#### INFORMATION SHOWN
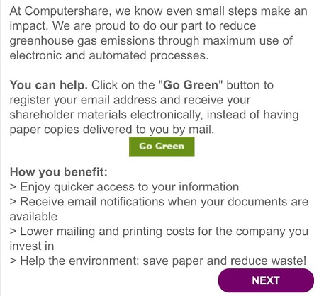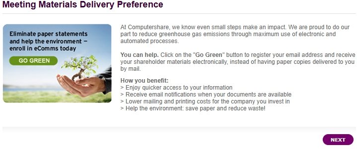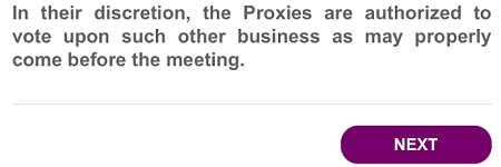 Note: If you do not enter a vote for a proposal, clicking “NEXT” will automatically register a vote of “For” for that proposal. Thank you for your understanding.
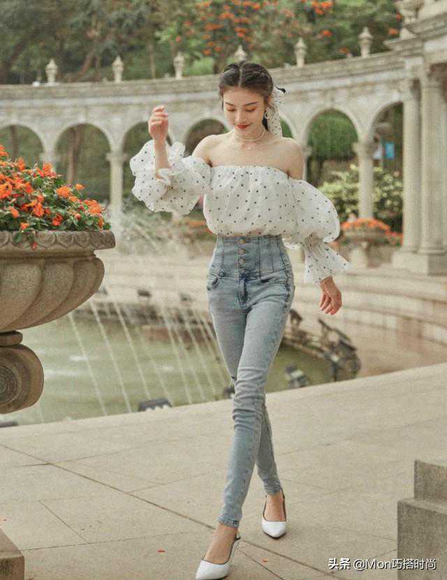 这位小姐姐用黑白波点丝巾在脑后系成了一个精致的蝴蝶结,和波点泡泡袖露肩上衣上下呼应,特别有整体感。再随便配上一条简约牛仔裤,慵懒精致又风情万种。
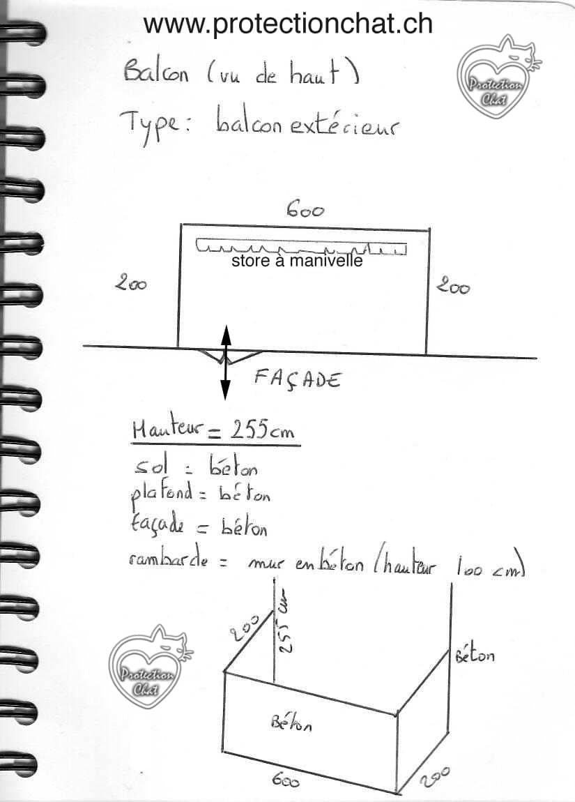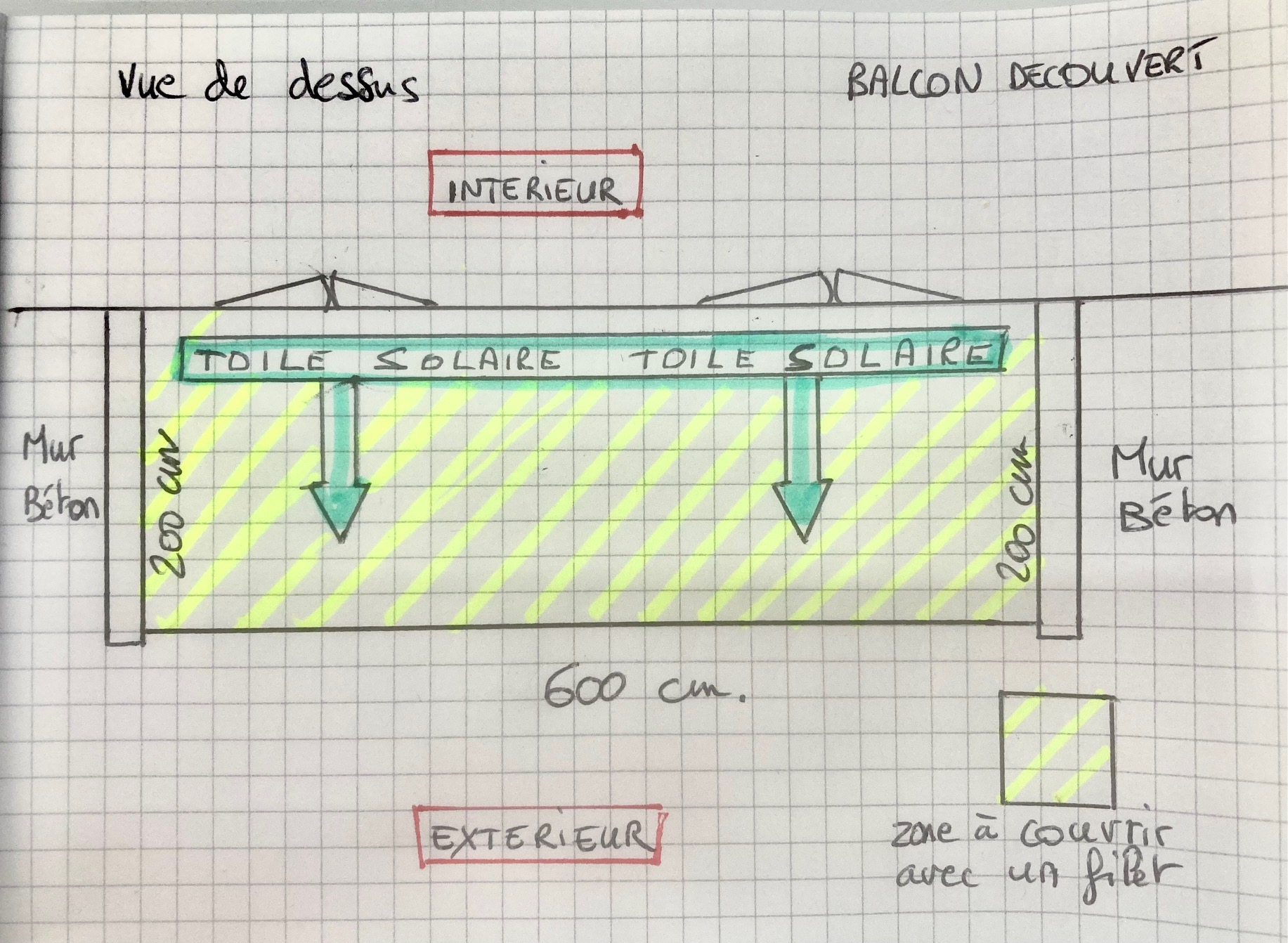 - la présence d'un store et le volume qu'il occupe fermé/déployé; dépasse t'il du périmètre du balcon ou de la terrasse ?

#### REQUIRED WORK
The lines to repeat run from the line containing "这位小姐姐用黑白波点丝巾在脑" through the end of the listing above, both included; give them exactly and without pictures.

#### SOLVED PROBLEM
 这位小姐姐用黑白波点丝巾在脑后系成了一个精致的蝴蝶结,和波点泡泡袖露肩上衣上下呼应,特别有整体感。再随便配上一条简约牛仔裤,慵懒精致又风情万种。
 - la présence d'un store et le volume qu'il occupe fermé/déployé; dépasse t'il du périmètre du balcon ou de la terrasse ?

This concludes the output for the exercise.